In our study the mean age of 55 was included in the logistic regression function. Different ages gave slightly different estimates — for example, the ages of 45, 55, and 60 gave a decline in the predicted mortality of 40%, 43%, and 41% respectively. With the true individual values for age and other risk factors as obtained in the five risk factor surveys in the logistic regression function, the predicted decline in mortality between 1972 and 1992 was 39%. Thus the technical aspects of fitting the model had no meaningful effect on the magnitude of the estimate of trend.
To estimate the role of statistical error in the predicted mortality we calculated the 95% confidence interval. Two types of statistical uncertainties may affect the calculations of a decline in predicted mortality. The first is the sampling error of the mean levels of the risk factors. As the sample sizes were large these errors were small. The 95% confidence interval was largest in 1992, for smoking (SE 2.9), because that year's sample size was the smallest. For blood pressure and cholesterol concentration the sampling error was similar to or smaller than the error of accuracy of measurement. Important statistical error comes from the standard error or the coefficients of the risk factors in the logistic regression model. These errors were smaller among men than women because more men died of ischaemic heart disease.
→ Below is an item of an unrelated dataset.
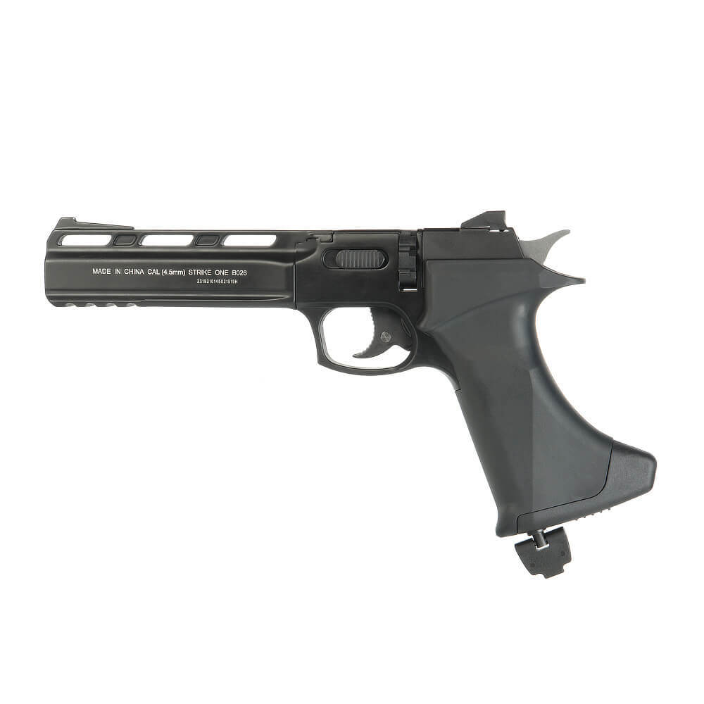 Пневматический пистолет Black Strike B026 – это одна из новинок в линейке газобаллонной пневматики от Strike One, модификация револьверного типа. Этот пистолет имеет удлиненный нарезной ствол длиной 17 см, а его конструкция во многом напоминает российский пистолет Корнет.

We took both of these errors into account when calculating the confidence intervals. An alternative way to assess the stability of the predicted decline in mortality from ischaemic heart disease is to take the logistic regression from different cohorts. In eastern Finland three different cohorts are available: the present cohort, based on the 1972 survey; the second cohort, based on the 1977 survey; and the third one, based on the 1982 survey. Taking the logistic regression model from different cohorts, changing the follow up time, or pooling the cohorts did not have any significant effect on the predicted decline in mortality from ischaemic heart disease. We took the 1972 cohort because the follow up of the observed mortality began that year.
North karelia and kuopio represent finland
The levels of risk factors decreased more in North Karelia than in Kuopio during the first five years, but after that the trends were similar.18 The trends in mortality in the 1970s and early 1980s have been published.*RF 18–20* The differences between the provinces have been small compared with the overall decline. To bring more stability to the analyses we pooled the data for the two provinces. In the whole of Finland the decrease in mortality from ischaemic heart disease was about 50% from 1970 to 1992. Finland is a small country with a homogeneous population, and the socioeconomic variation in the country is small; North Karelia and Kuopio probably represent the development in the whole country. The MONICA project5 will give better possibilities to assess the role of changing risk factors in trends in incidence of, and mortality from, coronary heart disease not only in Finland but also worldwide.